◆ TASK REQUIREMENTS ◆
Lines below that hold the word "Museo" must be copied in full.

◆ SUPPLIED RECORDS ◆
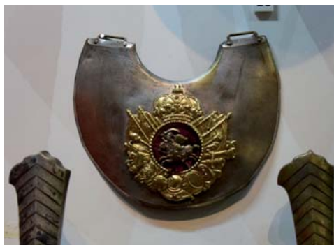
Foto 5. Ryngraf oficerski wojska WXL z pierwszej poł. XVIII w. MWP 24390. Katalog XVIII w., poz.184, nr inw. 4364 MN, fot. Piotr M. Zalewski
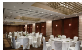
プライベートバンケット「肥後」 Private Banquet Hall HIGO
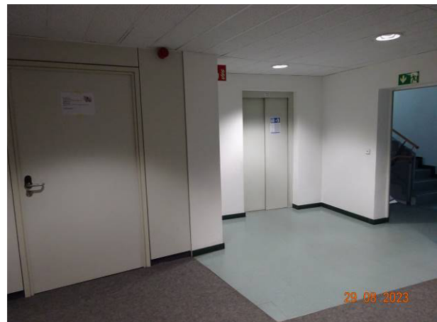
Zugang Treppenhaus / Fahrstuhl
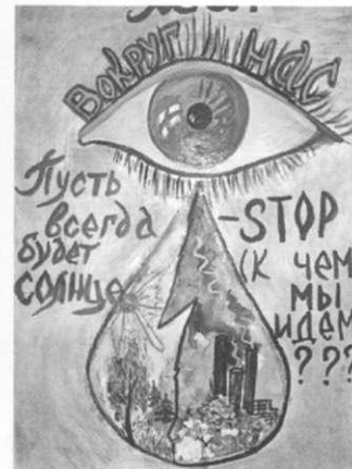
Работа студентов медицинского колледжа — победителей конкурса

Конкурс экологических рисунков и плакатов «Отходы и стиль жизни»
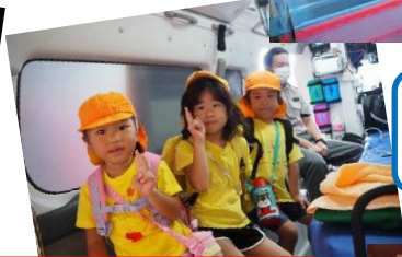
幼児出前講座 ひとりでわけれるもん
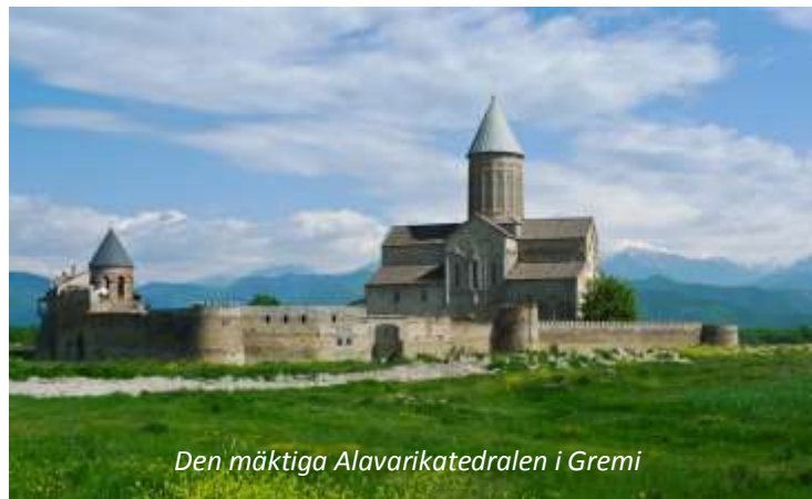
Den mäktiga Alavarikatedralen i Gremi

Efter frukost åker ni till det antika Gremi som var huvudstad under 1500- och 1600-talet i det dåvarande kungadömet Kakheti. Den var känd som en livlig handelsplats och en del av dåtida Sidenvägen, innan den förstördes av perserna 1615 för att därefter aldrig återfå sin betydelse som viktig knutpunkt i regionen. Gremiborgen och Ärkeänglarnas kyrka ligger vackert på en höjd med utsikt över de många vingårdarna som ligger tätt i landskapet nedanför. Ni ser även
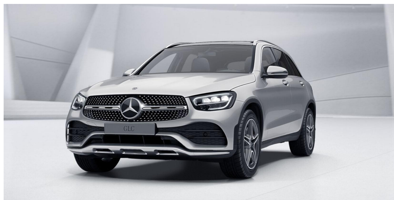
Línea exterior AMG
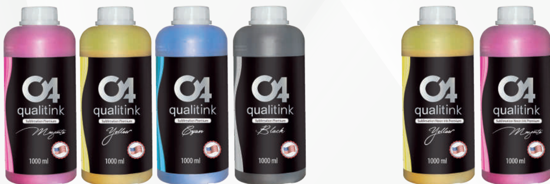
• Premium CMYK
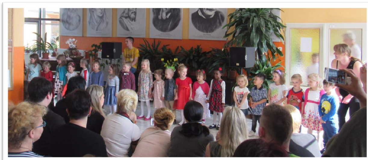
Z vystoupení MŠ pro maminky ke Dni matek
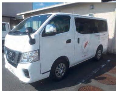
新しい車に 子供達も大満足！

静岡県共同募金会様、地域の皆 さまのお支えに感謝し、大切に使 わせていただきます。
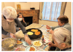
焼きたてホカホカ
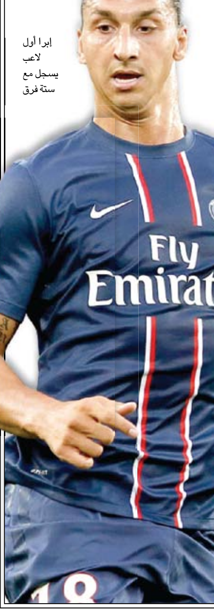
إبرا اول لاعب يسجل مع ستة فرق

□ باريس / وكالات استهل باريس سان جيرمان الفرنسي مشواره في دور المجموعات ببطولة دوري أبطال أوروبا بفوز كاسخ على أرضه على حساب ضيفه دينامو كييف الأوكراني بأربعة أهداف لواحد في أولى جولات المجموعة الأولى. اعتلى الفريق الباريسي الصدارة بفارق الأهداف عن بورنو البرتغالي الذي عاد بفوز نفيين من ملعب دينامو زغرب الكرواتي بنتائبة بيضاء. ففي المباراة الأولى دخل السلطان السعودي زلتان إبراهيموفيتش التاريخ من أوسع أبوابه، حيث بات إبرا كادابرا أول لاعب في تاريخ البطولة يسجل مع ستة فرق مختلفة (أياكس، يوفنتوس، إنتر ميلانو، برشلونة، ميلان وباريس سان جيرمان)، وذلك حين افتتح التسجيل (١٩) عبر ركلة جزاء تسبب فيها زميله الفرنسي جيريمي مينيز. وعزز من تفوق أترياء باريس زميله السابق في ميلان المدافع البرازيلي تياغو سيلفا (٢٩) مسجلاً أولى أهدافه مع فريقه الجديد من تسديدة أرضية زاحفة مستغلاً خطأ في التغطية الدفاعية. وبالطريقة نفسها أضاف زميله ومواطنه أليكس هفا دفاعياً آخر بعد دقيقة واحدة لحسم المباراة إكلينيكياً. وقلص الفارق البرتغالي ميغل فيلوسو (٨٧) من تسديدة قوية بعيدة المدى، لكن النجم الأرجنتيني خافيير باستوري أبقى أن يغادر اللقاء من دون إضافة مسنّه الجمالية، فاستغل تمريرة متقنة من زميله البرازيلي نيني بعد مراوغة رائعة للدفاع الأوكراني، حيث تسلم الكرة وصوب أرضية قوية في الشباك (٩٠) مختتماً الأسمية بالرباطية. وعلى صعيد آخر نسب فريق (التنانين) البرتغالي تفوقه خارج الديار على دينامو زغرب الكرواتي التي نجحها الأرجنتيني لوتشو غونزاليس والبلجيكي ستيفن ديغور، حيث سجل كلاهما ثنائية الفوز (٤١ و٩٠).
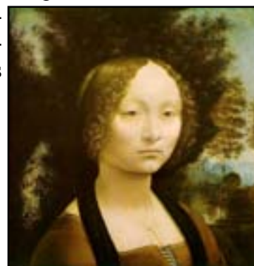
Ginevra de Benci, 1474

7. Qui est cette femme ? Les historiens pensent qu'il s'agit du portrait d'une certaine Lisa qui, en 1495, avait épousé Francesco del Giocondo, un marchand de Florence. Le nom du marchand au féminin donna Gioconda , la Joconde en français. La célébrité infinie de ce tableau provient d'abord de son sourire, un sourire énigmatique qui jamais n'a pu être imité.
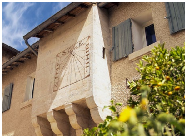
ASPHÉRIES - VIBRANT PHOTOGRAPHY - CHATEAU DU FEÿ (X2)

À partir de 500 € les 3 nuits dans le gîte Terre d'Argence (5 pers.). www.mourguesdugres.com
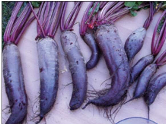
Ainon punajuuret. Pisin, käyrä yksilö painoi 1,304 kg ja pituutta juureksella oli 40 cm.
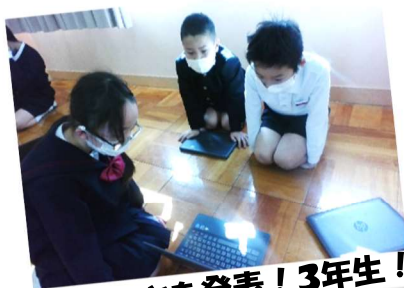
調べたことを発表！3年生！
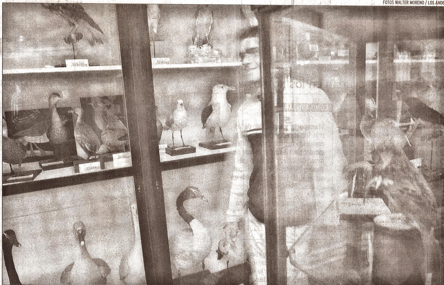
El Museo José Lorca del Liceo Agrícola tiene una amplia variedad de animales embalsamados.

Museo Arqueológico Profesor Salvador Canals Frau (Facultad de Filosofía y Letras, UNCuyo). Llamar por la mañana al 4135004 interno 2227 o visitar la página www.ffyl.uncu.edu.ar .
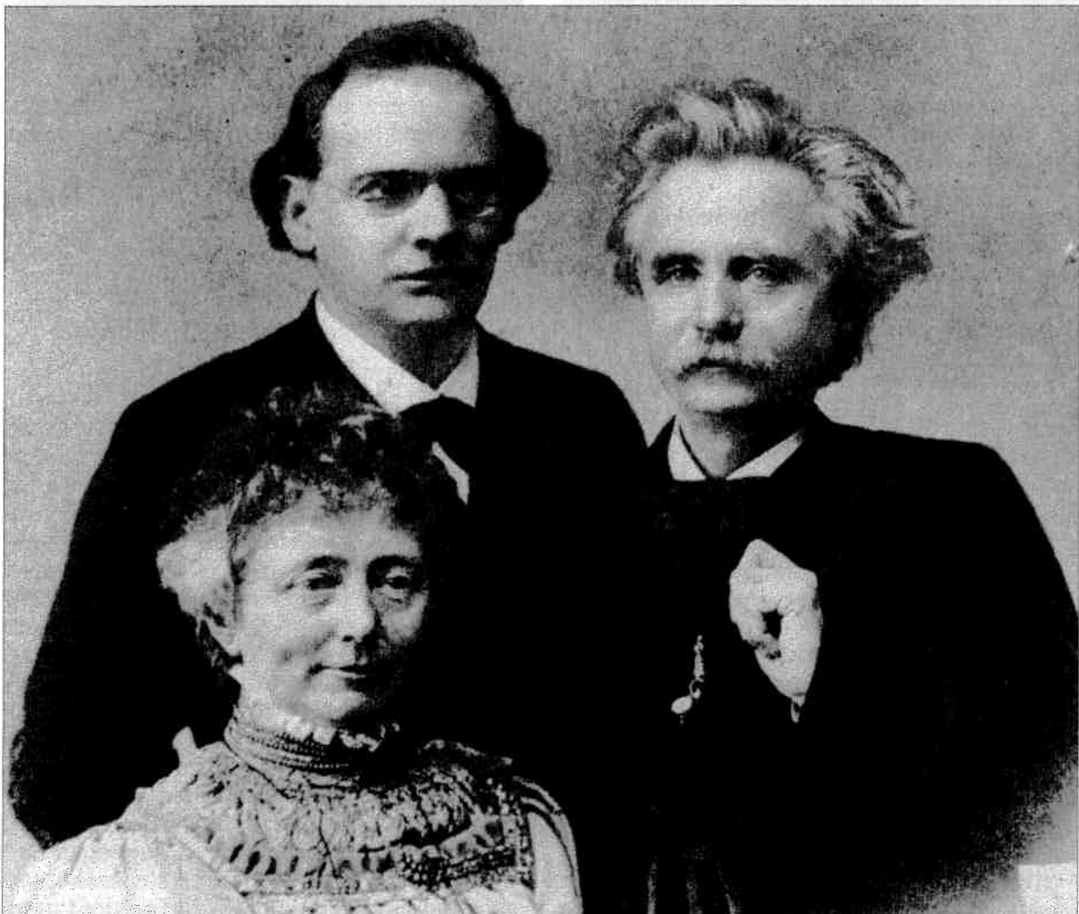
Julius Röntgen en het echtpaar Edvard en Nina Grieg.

◆ SOLUTION TO THIS TASK ◆
El Museo José Lorca del Liceo Agrícola tiene una amplia variedad de animales embalsamados.
Museo Arqueológico Profesor Salvador Canals Frau (Facultad de Filosofía y Letras, UNCuyo). Llamar por la mañana al 4135004 interno 2227 o visitar la página www.ffyl.uncu.edu.ar .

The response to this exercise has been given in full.